#### PROBLEM TO SOLVE:
Transcribe the lines below exactly. No image belongs in the transcription.

#### RECORDED DATA:
-*-
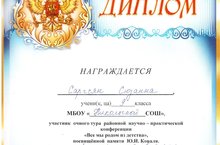 24 февраля ученики нашей школы принимали участие в IV Районной НПК «Все мы родом из детства”, посвященной памяти Ю.И. Коваля. Дипломом участника награждена Сарсян С., ученица 9 класса, в секции “Лучший слайдовый ряд”, Сертификатом участника в конкурсе чтецов, посвященному 200-летию со дня рождения М.Ю. Лермонтова среди учащихся 9-11 классов, награжден Бакланов Д., ученик 10 класса.
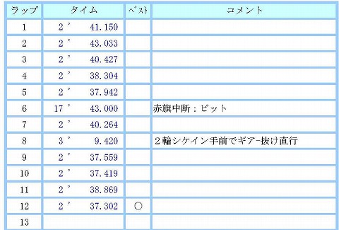 12周回ったところで、チェッカーが振られて、2本目の走行は終了です。
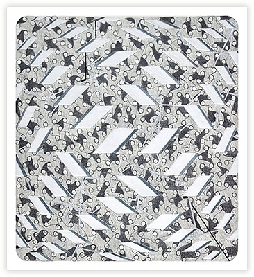 Materials add another dimension to this concern for the organic and synthetic (i.e., coal slag, glass, metallic paints, etc.) and are either real surfaces in the paintings or are visually reproduced. A variety of materials, combined with the ways in which these materials are applied and manipulated, contribute to an overall engagement with the surface and visual tactility.
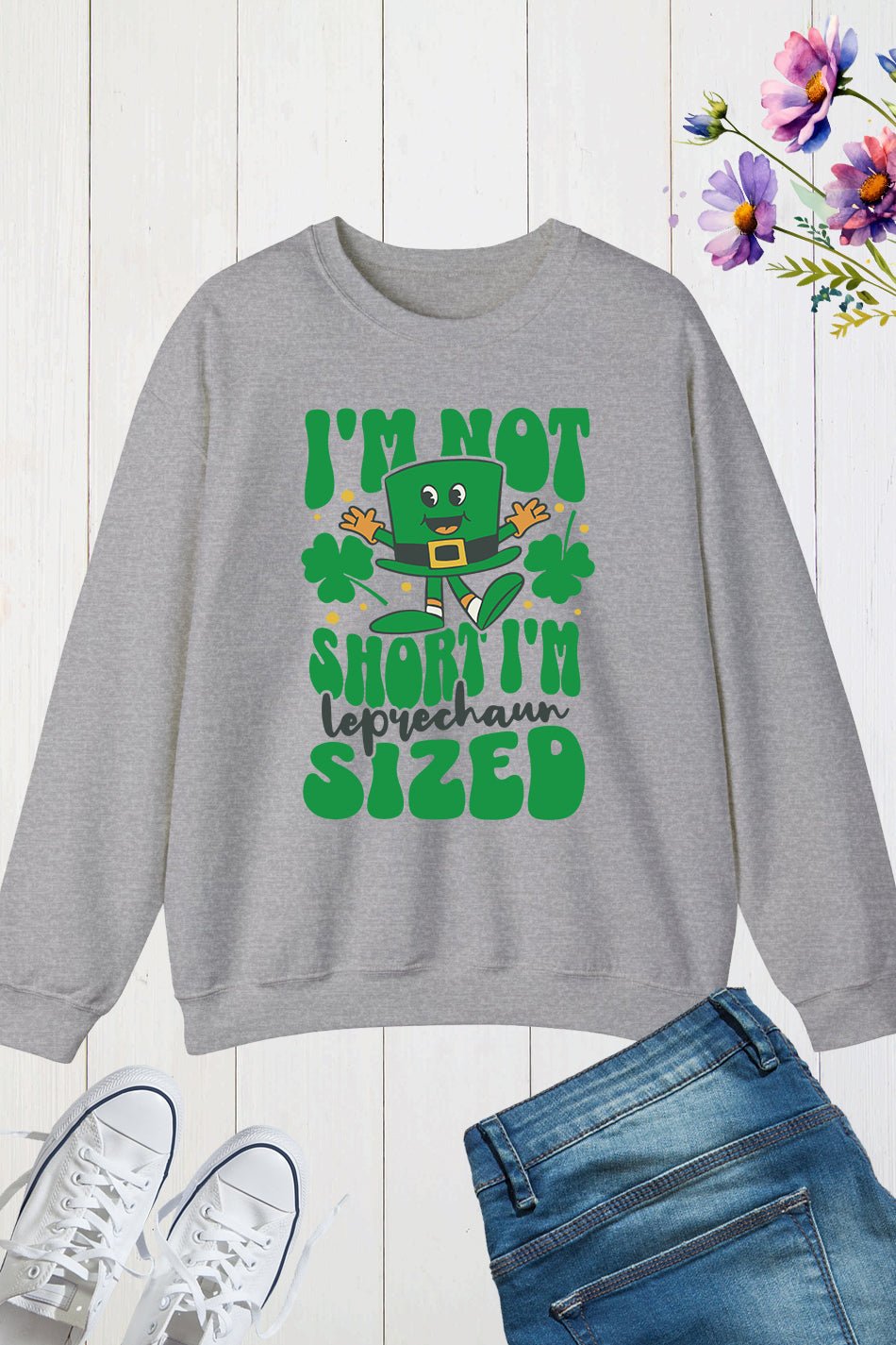 Upgrade your wardrobe with our Irish Leprechaun Sweatshirt! Made with comfortable, high-quality material, this sweatshirt features a unique design that showcases your love for Irish culture. Perfect for St. Patrick’s Day or any day, this sweatshirt is sure to keep you warm and stylish. Show off your heritage with pride.
-*-
#### WRITTEN SOLUTION:
 24 февраля ученики нашей школы принимали участие в IV Районной НПК «Все мы родом из детства”, посвященной памяти Ю.И. Коваля. Дипломом участника награждена Сарсян С., ученица 9 класса, в секции “Лучший слайдовый ряд”, Сертификатом участника в конкурсе чтецов, посвященному 200-летию со дня рождения М.Ю. Лермонтова среди учащихся 9-11 классов, награжден Бакланов Д., ученик 10 класса.
 12周回ったところで、チェッカーが振られて、2本目の走行は終了です。
 Materials add another dimension to this concern for the organic and synthetic (i.e., coal slag, glass, metallic paints, etc.) and are either real surfaces in the paintings or are visually reproduced. A variety of materials, combined with the ways in which these materials are applied and manipulated, contribute to an overall engagement with the surface and visual tactility.
 Upgrade your wardrobe with our Irish Leprechaun Sweatshirt! Made with comfortable, high-quality material, this sweatshirt features a unique design that showcases your love for Irish culture. Perfect for St. Patrick’s Day or any day, this sweatshirt is sure to keep you warm and stylish. Show off your heritage with pride.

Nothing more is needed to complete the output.